Use batches with prompt flow to run batch tests on your planner that uses the math plugin. By defining several word problems, you can quickly test any changes to your plugins or planners so you can catch regressions early.
Once your flow passes a single test run, you can create a batch test in prompt flow.
Create your benchmark data in a .jsonl file as a list of JSON objects that contain the input and the correct ground truth.
In the prompt flow, select Evaluate from the top menu.
Complete the Basic settings, upload your data file, and complete the Batch run settings.
For this test, skip the optional Evaluation settings and select Review + submit, then select Submit to submit the batch run.
When the run finishes, select the run name on the prompt flow Runs page.
At the top of the run page, select Details.
On the Details page, select the Outputs tab to see the results.
Evaluate accuracy
After you complete a batch run, you need an easy way to determine the adequacy of the test results. You can then use this information to develop accuracy scores, which can be incrementally improved.
Evaluation flows in prompt flow enable this functionality. Using the sample evaluation flows, you can assess various metrics such as classification accuracy, perceived intelligence, and groundedness. You can also develop your own custom evaluators if needed.

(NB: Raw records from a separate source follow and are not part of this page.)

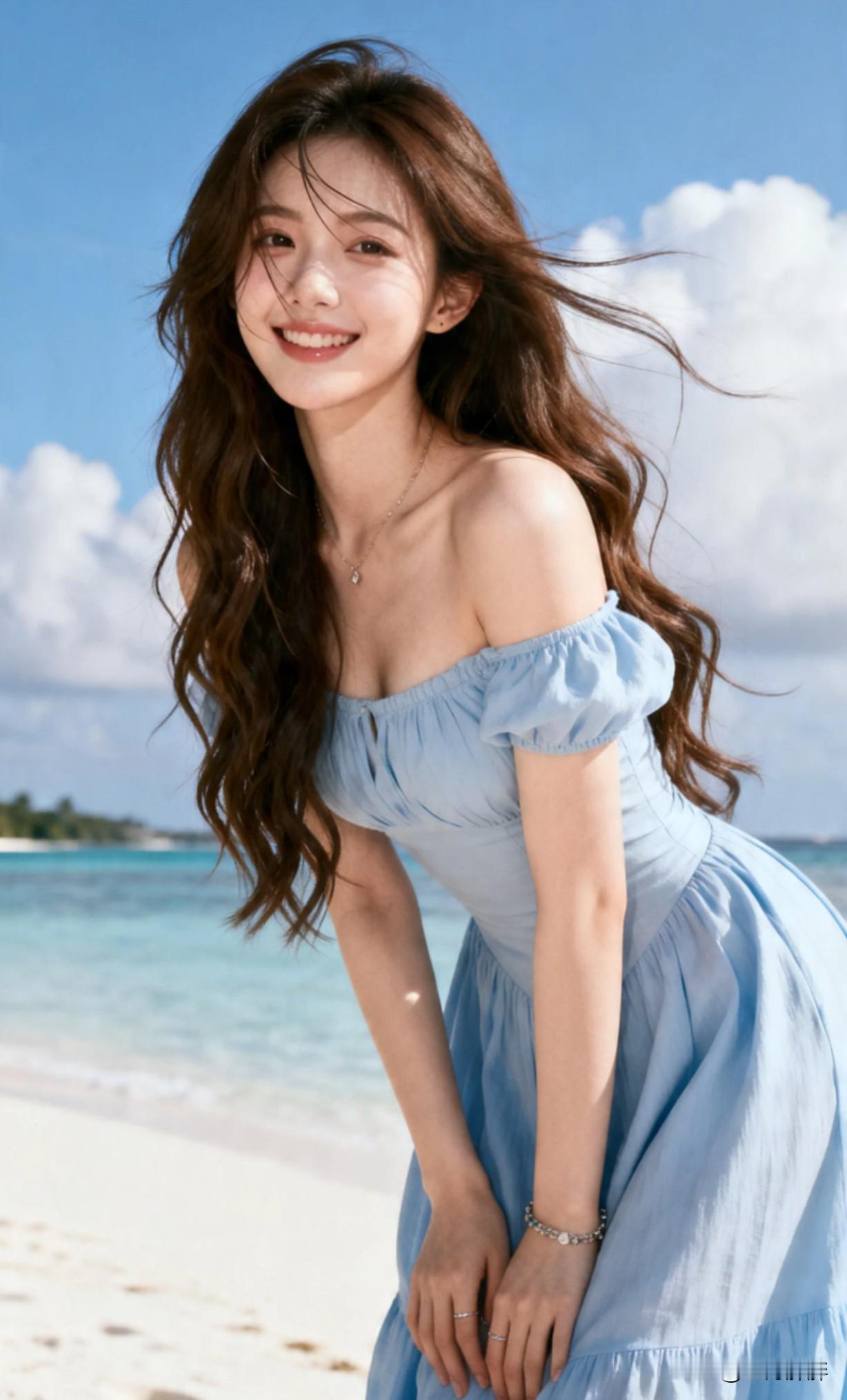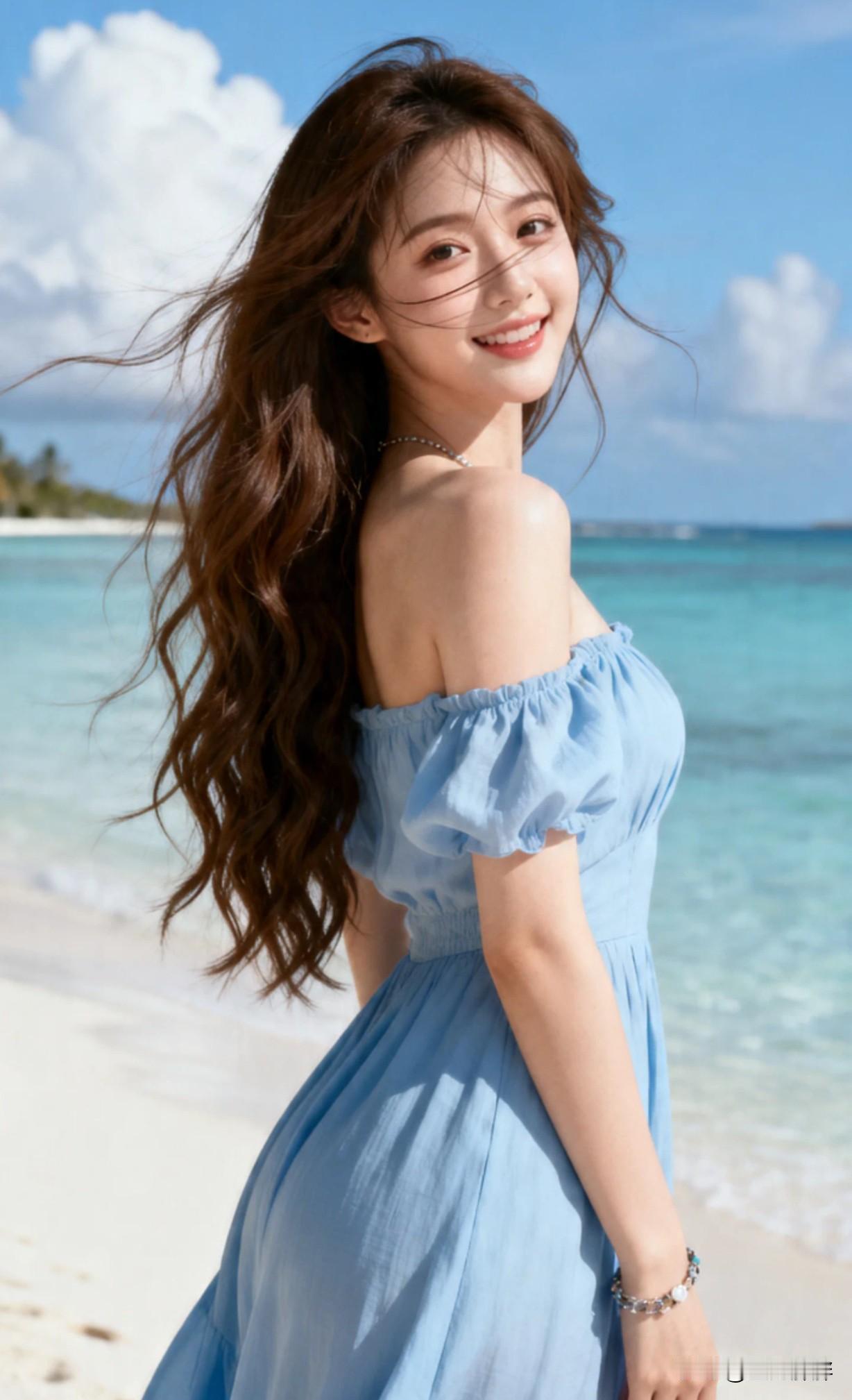 夏日海滩的甜美笑容,浅蓝色连衣裙随风飘扬,海浪轻拍脚边,阳光洒满全身。这样的穿搭,大家喜欢吗?
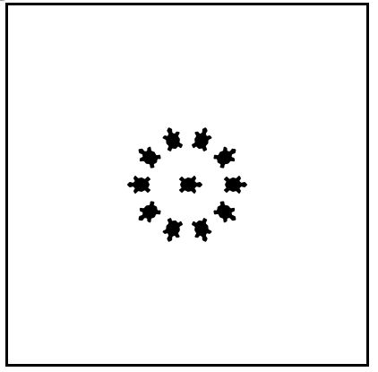 The following program uses the stamp method to create a circle of turtle shapes as shown to the left, but the lines are mixed up. The program should do all necessary set-up, create the turtle, set the shape to “turtle”, and pick up the pen. Then the turtle should repeat the following ten times: go forward 50 pixels, leave a copy of the turtle at the current position, reverse for 50 pixels, and then turn right 36 degrees.
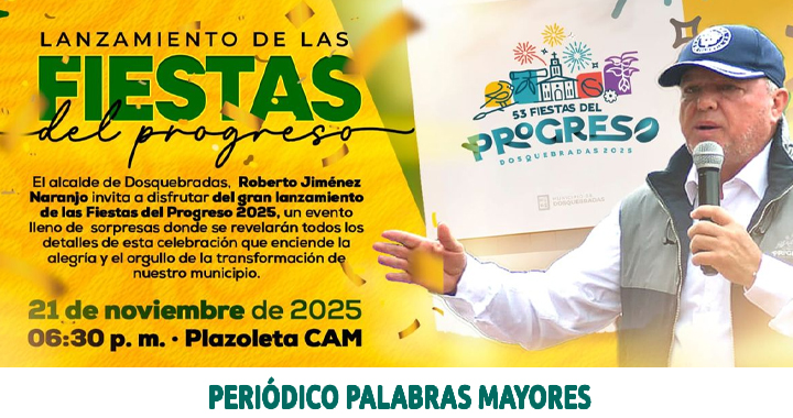 El alcalde de Dosquebradas, Roberto Jiménez, lanzó oficialmente las Fiestas del Progreso 2025, que prometen emocionar a toda la ciudad con un alumbrado mágico, tres grandes conciertos, dos desfiles, del Progreso y Equino y la Feria Agroempresarial. En este espacio, también se dio a conocer jingle, interpretado por Los JR. En un escenario vibrante y cargado de tradición, el alcalde …
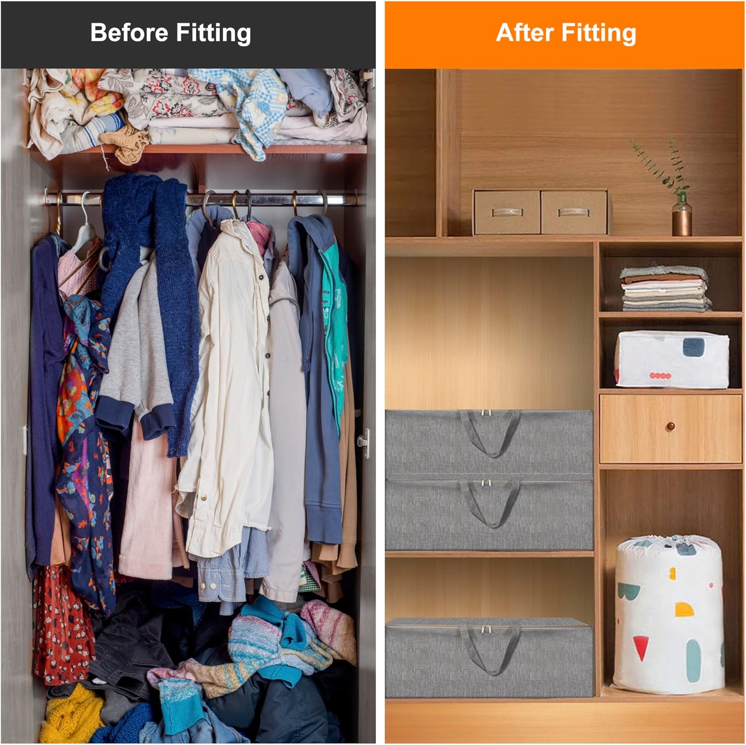 - 【Upgraded Storage Bags for Comforters and Blankets】Compared with common fabric, this storage bag organizer is made of advanced cationic fabric, which is softer and more breathable than oxford fabric, and stronger and more durable than non-woven fabric. Kind Note: The bag will keep its shape while full for stacking or while carrying by the handle, perfect for storage larger items or moving.

You can quickly create an evaluation run based on a completed batch run.
Open your previously completed batch run, and select Evaluate from the top menu.
On the New evaluation screen, select an evaluator to use, select Next and configure the input mapping, and then select Submit.
After the evaluator runs, it returns a summary of results and metrics. You can use runs that yield less than ideal results as motivation for immediate improvement.
To view results, select Details at the top of the evaluator flow run page. On the Details page, select the Outputs tab to view evaluation output.
You can check the aggregated metric in the Metrics tab.
Experiment for quality improvement
If you find that your plugins and planners aren't performing as well as they should, you can take steps to make them better. The following high-level recommendations can improve the effectiveness of your plugins and planners.
- Use a more advanced model like GPT-4 instead of GPT-3.5-turbo.
- Improve your plugin descriptions so they’re easier for the planner to use.
- Inject more help to the planner when you send the user request.
A combination of these three actions can turn a failing planner into a winning one. By the end of the enhancement and evaluation process, you should have a planner that can correctly answer all of the benchmark data.
Throughout the process of enhancing your plugins and planners in prompt flow, you can use the runs to monitor your experimental progress. Each iteration allows you to submit a batch run with an evaluation run at the same time.
This capability enables you to conveniently compare the results of various runs, helping you identify which modifications are beneficial. To compare, select the runs you want to analyze, then select Visualize outputs.
The Visualize outputs screen shows a detailed table with a line-by-line comparison of the results from selected runs.